(Stored records)

******

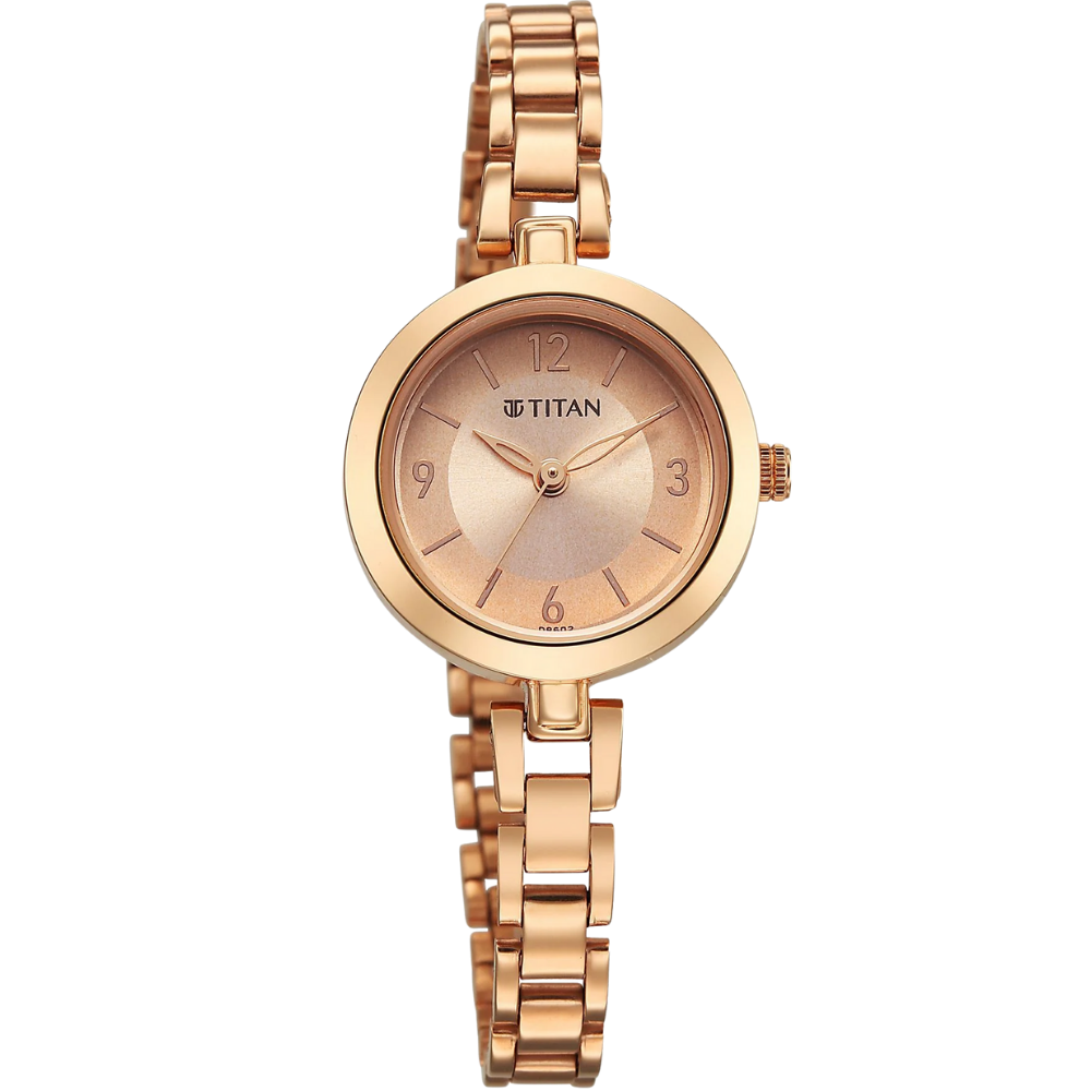 The Titan Karishma Ladies Upgrades PH1 watch features a graceful rose gold dial paired with a stainless steel rose gold strap. Its slim round case and classic analog display offer timeless elegance, making it a perfect accessory for women who appreciate style, simplicity, and everyday sophistication.
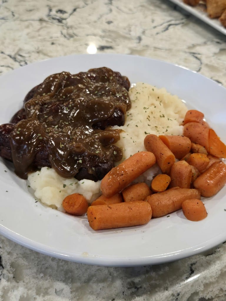 Now onto the food: the bangers and mash — my $17.99 plate of Irish-style sausage, rich onion gravy, creamy mashed potatoes and carrots. A hearty plate. I haven’t been back to Ireland since 2020. Bangers and mash is not just comfort food for me, it’s heritage. It’s rainy afternoons on the central west coast of Ireland. It’s pubs in Galway where conversations linger and Guinness settles slowly. Bangers and mash is as quintessential to Ireland as Peaches are to Georgia.
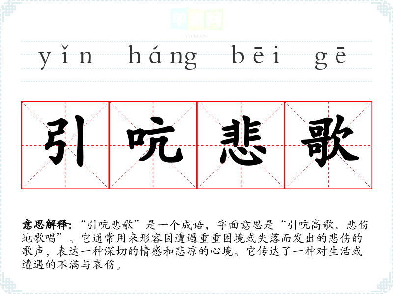 “引吭悲歌”是一个成语,字面意思是“引吭高歌,悲伤地歌唱”。它通常用来形容因遭遇重重困境或失落而发出的悲伤的歌声,表达一种深切的情感和悲凉的心境。它传达了一种对生活或遭遇的不满与哀伤。
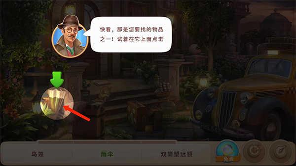 7、这次是寻找物品的游戏,需要在当前界面找到、鸟笼、雨伞和双筒望远镜,
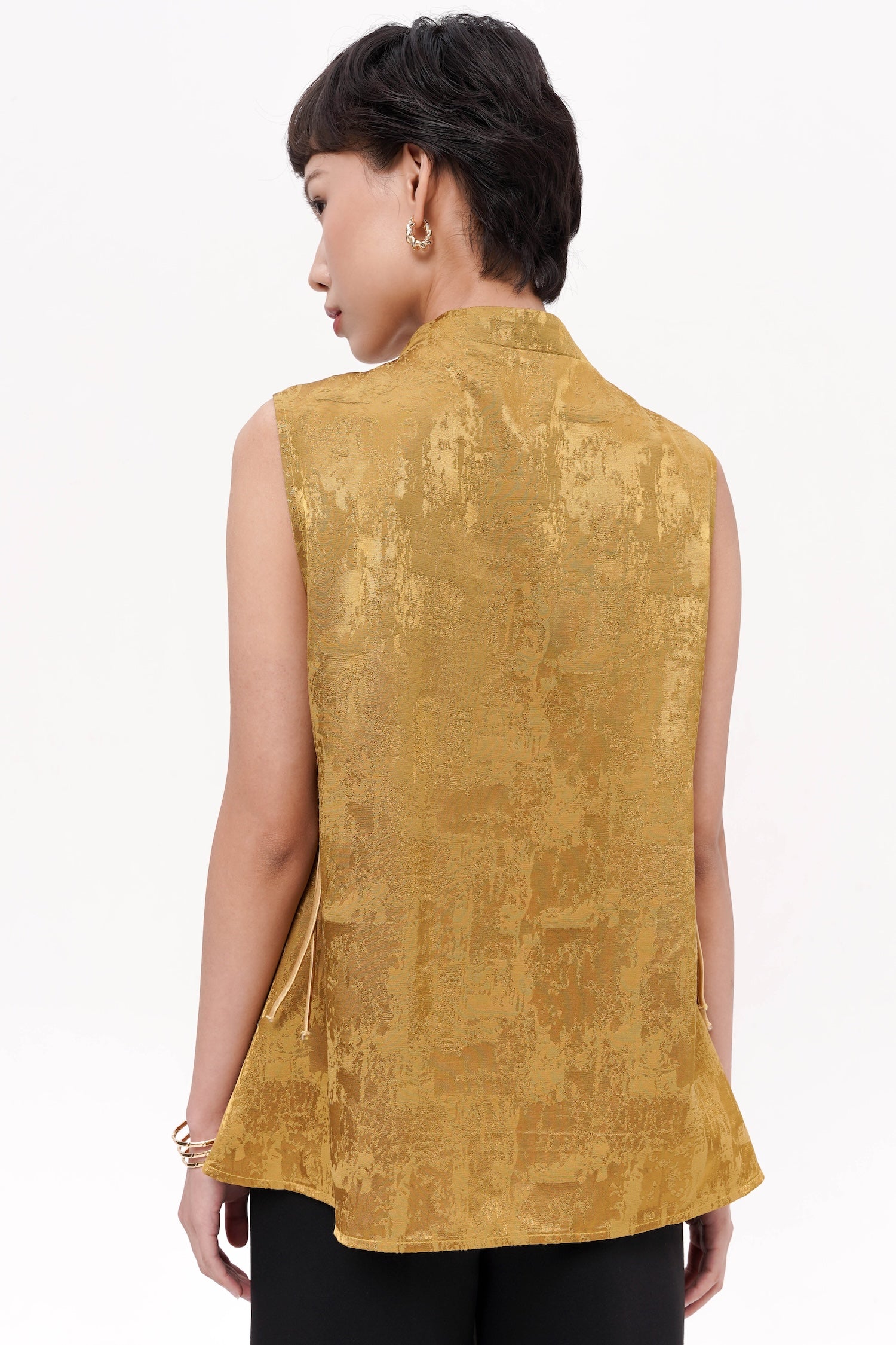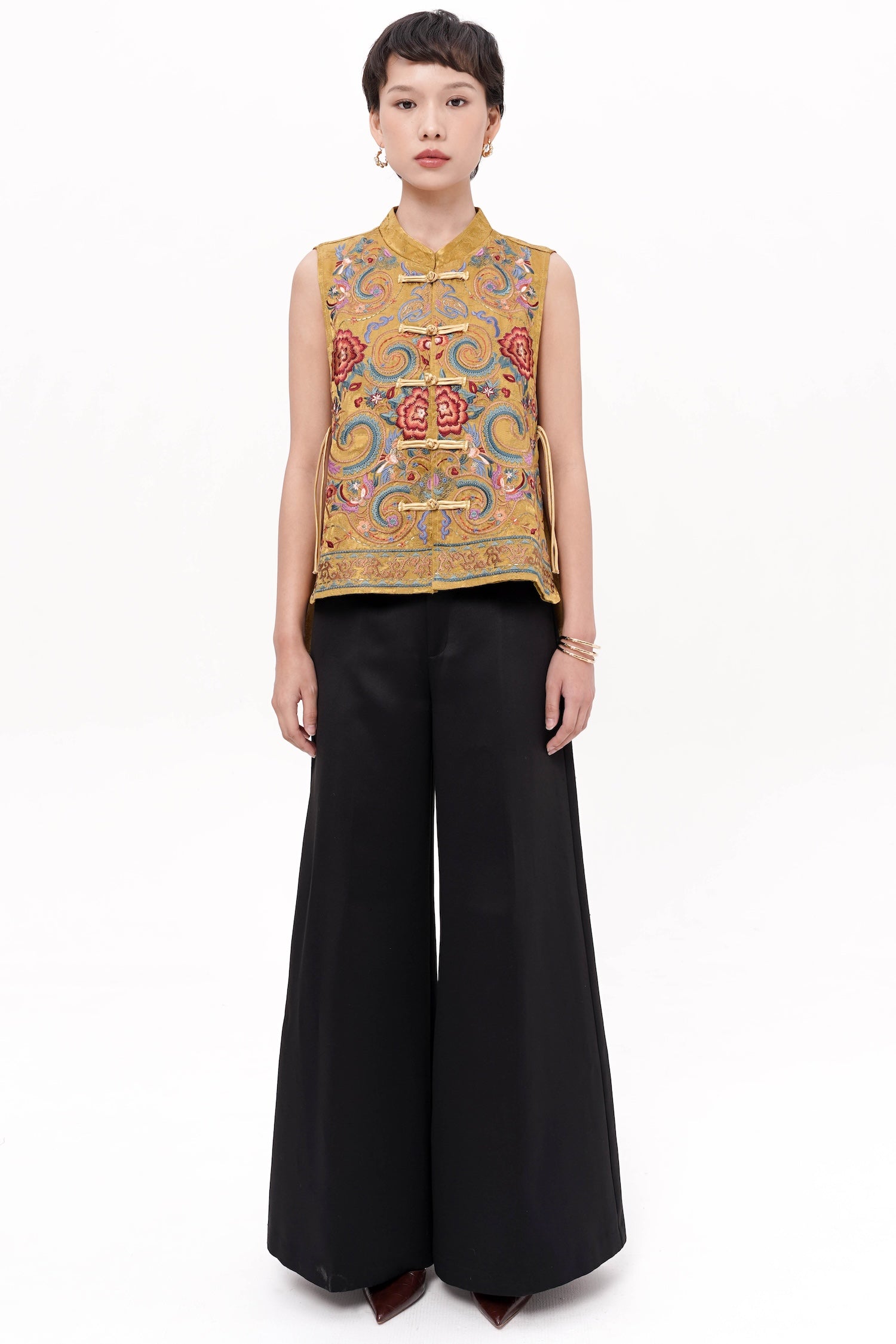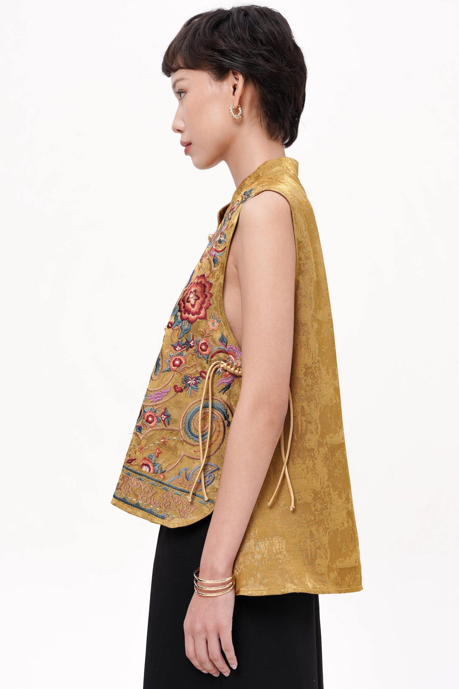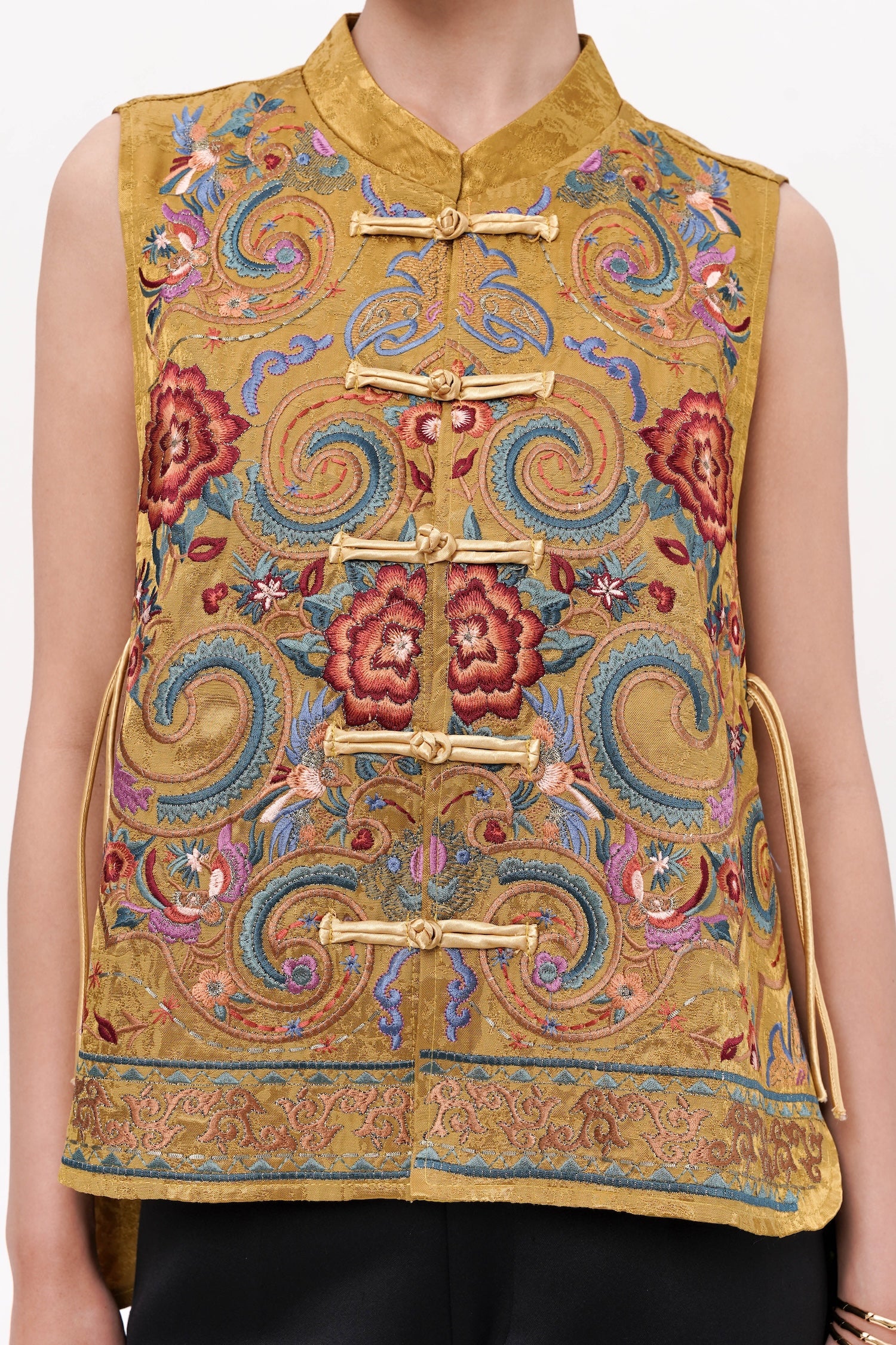 The Yumei Qipao Vest is a striking expression of artisanal elegance, distinguished by its intricate ornamental patterns and refined sleeveless silhouette. Crafted from a luxurious blend of silk and cotton, it offers a graceful balance of soft sheen and breathable comfort, allowing the fabric to drape beautifully with a structured yet fluid finish. Traditional frog-button detailing and a mandarin collar lend cultural depth, while the gently flared cut and side ties create a modern, effortless ease. Available in maroon, dijon, and emerald, this sophisticated piece brings timeless character and elevated charm to both formal occasions and refined everyday styling.

******

Goal of the exercise: Reproduce every line above word for word; no images.

Result of this task:
 The Titan Karishma Ladies Upgrades PH1 watch features a graceful rose gold dial paired with a stainless steel rose gold strap. Its slim round case and classic analog display offer timeless elegance, making it a perfect accessory for women who appreciate style, simplicity, and everyday sophistication.
 Now onto the food: the bangers and mash — my $17.99 plate of Irish-style sausage, rich onion gravy, creamy mashed potatoes and carrots. A hearty plate. I haven’t been back to Ireland since 2020. Bangers and mash is not just comfort food for me, it’s heritage. It’s rainy afternoons on the central west coast of Ireland. It’s pubs in Galway where conversations linger and Guinness settles slowly. Bangers and mash is as quintessential to Ireland as Peaches are to Georgia.
 “引吭悲歌”是一个成语,字面意思是“引吭高歌,悲伤地歌唱”。它通常用来形容因遭遇重重困境或失落而发出的悲伤的歌声,表达一种深切的情感和悲凉的心境。它传达了一种对生活或遭遇的不满与哀伤。
 7、这次是寻找物品的游戏,需要在当前界面找到、鸟笼、雨伞和双筒望远镜,
 The Yumei Qipao Vest is a striking expression of artisanal elegance, distinguished by its intricate ornamental patterns and refined sleeveless silhouette. Crafted from a luxurious blend of silk and cotton, it offers a graceful balance of soft sheen and breathable comfort, allowing the fabric to drape beautifully with a structured yet fluid finish. Traditional frog-button detailing and a mandarin collar lend cultural depth, while the gently flared cut and side ties create a modern, effortless ease. Available in maroon, dijon, and emerald, this sophisticated piece brings timeless character and elevated charm to both formal occasions and refined everyday styling.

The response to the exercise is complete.